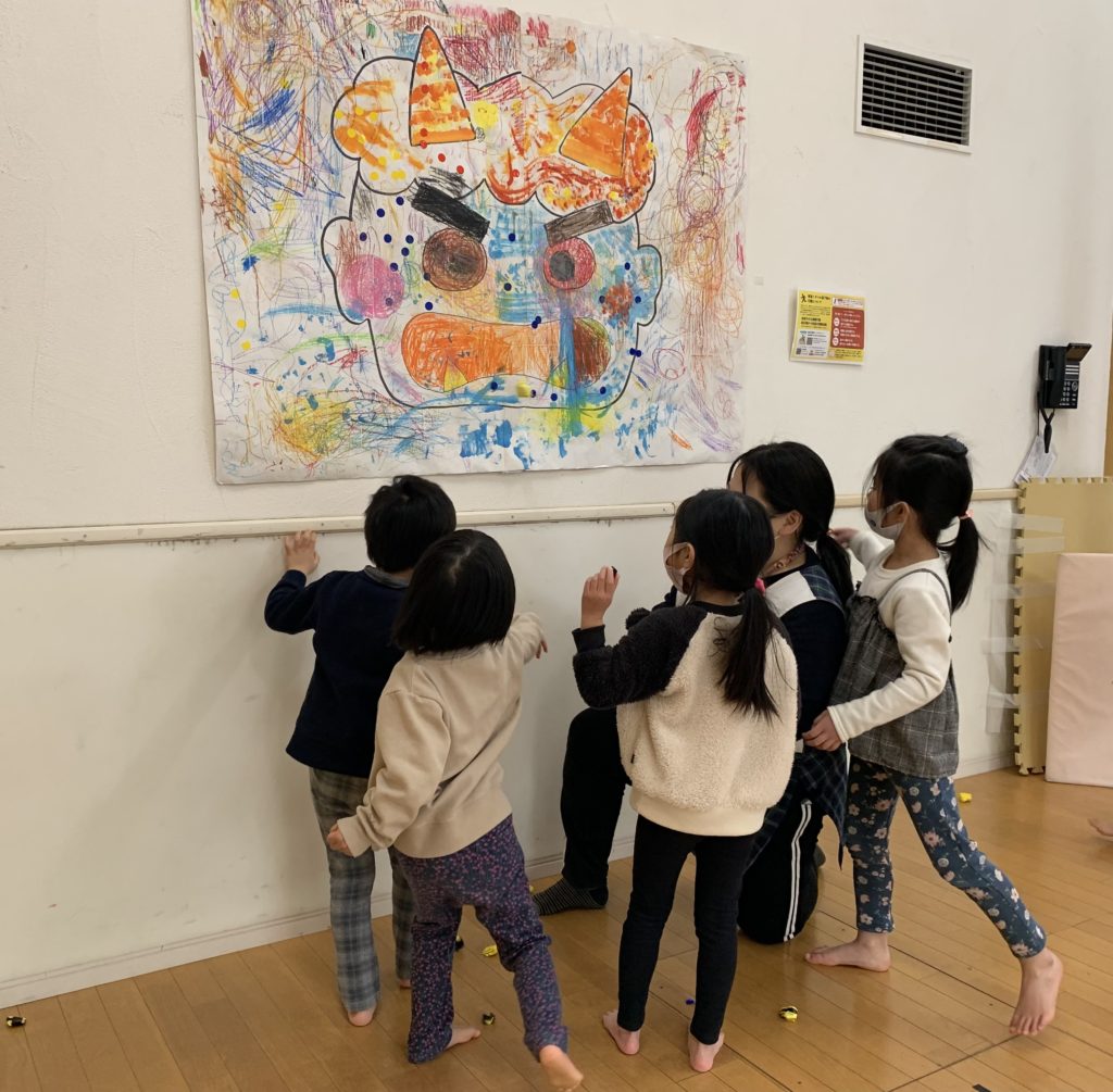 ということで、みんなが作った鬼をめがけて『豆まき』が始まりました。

--

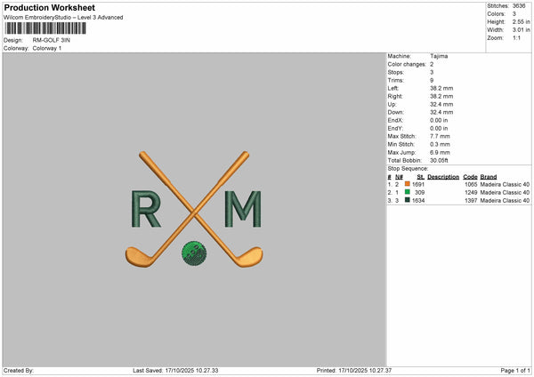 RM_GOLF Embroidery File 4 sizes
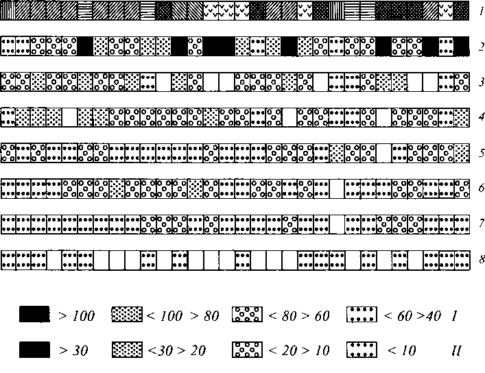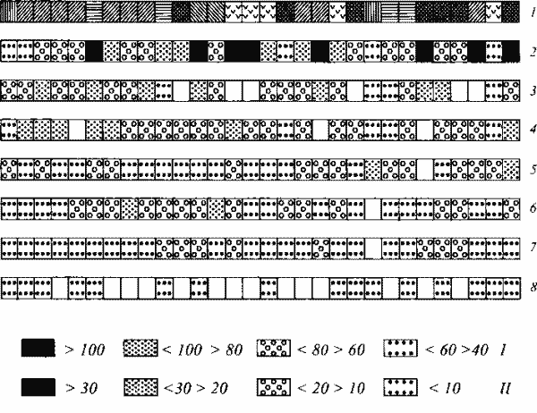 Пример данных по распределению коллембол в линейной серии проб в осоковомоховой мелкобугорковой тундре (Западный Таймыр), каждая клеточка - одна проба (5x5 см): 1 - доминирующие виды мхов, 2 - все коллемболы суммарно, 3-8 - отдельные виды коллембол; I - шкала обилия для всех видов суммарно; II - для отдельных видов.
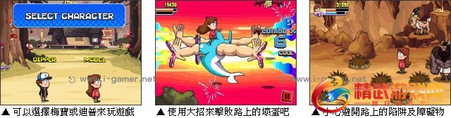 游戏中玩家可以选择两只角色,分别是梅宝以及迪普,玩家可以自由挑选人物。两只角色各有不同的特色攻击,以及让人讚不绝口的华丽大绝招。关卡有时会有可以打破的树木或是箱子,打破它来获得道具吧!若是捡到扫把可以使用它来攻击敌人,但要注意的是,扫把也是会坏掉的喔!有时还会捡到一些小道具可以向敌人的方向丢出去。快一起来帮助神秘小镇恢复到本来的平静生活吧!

Instructions for the task: Look above for the line with "Пример данных по" and the line with "游戏中玩家可以选择两只角色,分别是梅宝以", then copy exactly the lines from the first through the second, both kept, with no pictures.

Written response:
 Пример данных по распределению коллембол в линейной серии проб в осоковомоховой мелкобугорковой тундре (Западный Таймыр), каждая клеточка - одна проба (5x5 см): 1 - доминирующие виды мхов, 2 - все коллемболы суммарно, 3-8 - отдельные виды коллембол; I - шкала обилия для всех видов суммарно; II - для отдельных видов.
 游戏中玩家可以选择两只角色,分别是梅宝以及迪普,玩家可以自由挑选人物。两只角色各有不同的特色攻击,以及让人讚不绝口的华丽大绝招。关卡有时会有可以打破的树木或是箱子,打破它来获得道具吧!若是捡到扫把可以使用它来攻击敌人,但要注意的是,扫把也是会坏掉的喔!有时还会捡到一些小道具可以向敌人的方向丢出去。快一起来帮助神秘小镇恢复到本来的平静生活吧!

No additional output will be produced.